Tag: M.W:200-300

Application of 885168-04-7, The major producers of chemicals have been the Europe, Japan and China. Due to the growing call for a cleaner, greener environment, people will have to find innovative ways to maintain their relevance. Here is a compound 885168-04-7, name is 5-Bromo-3-chloropicolinaldehyde. This compound has unique chemical properties. The synthetic route is as follows.

Conc. sulfuric acid (5.0 mL) was added to an ice-cold (0C) mixture of 5-bromo-3-chloropicolinaldehyde(5 g, 22.7 mmol, 1 eq) and 3-butene-1-ol (4.1 mL, 45.5 mmol, 2 eq) and the mixture was stirred for 16 h at RT. The reaction mass was poured into crushed ice, neutralized by addition of solid NaHCO3, extracted with EtOAc (2×1 00 mL) and the organic layer was washed with brine (150 ml). Combined organic layer was dried over anhydr. Na2SO4, filtered and the solvent was evaporated under reduced pressure to get crude mass which was then purified by combiflash CC to afford 2-(5-bromo-3-chloropyridin-2-yl)tetra-hydro-2H-pyran-4-ol (1.1 g, 17%) as colorless oil.

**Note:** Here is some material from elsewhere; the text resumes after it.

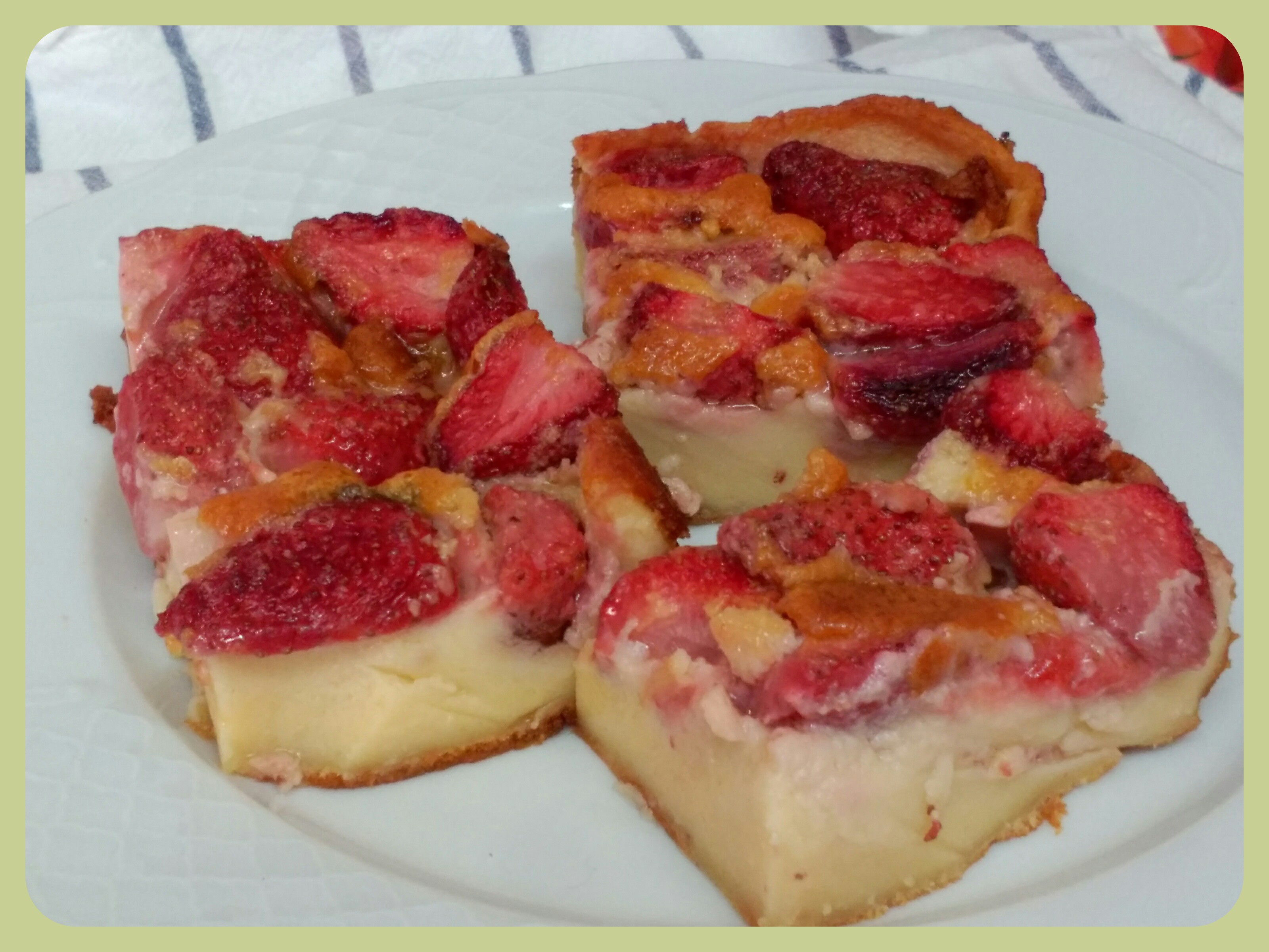 NOTA: Puede cambiar las fresas por cualquier otra fruta ( cerezas, manzanas, peras, melocoton) o incluso hacer este pastel sin fruta, en un molde más pequeño para que no quede muy fino.

While traditionally a conservative industry, chemical producers will need to modernize their PR strategies to stay relevant.we look forward to future research findings about 885168-04-7, 5-Bromo-3-chloropicolinaldehyde.

Reference:
Patent; GRUeNENTHAL GMBH; SCHUNK, Stefan; REICH, Melanie; JAKOB, Florian; DAMANN, Nils; HAURAND, Michael; KLESS, Achim; ROGERS, Marc; SUTTON, Kathy; WO2015/158427; (2015); A1;,
Pyridine – Wikipedia,
Pyridine | C5H5N – PubChem

Application of 153034-88-9 , The common heterocyclic compound, 153034-88-9, name is 2-Chloro-4-iodo-3-methylpyridine, molecular formula is C6H5ClIN, its traditional synthetic route has been very mature, but the traditional synthetic route has various shortcomings, such as complicated route, low yield, poor purity, etc., below Introduce a new synthetic route.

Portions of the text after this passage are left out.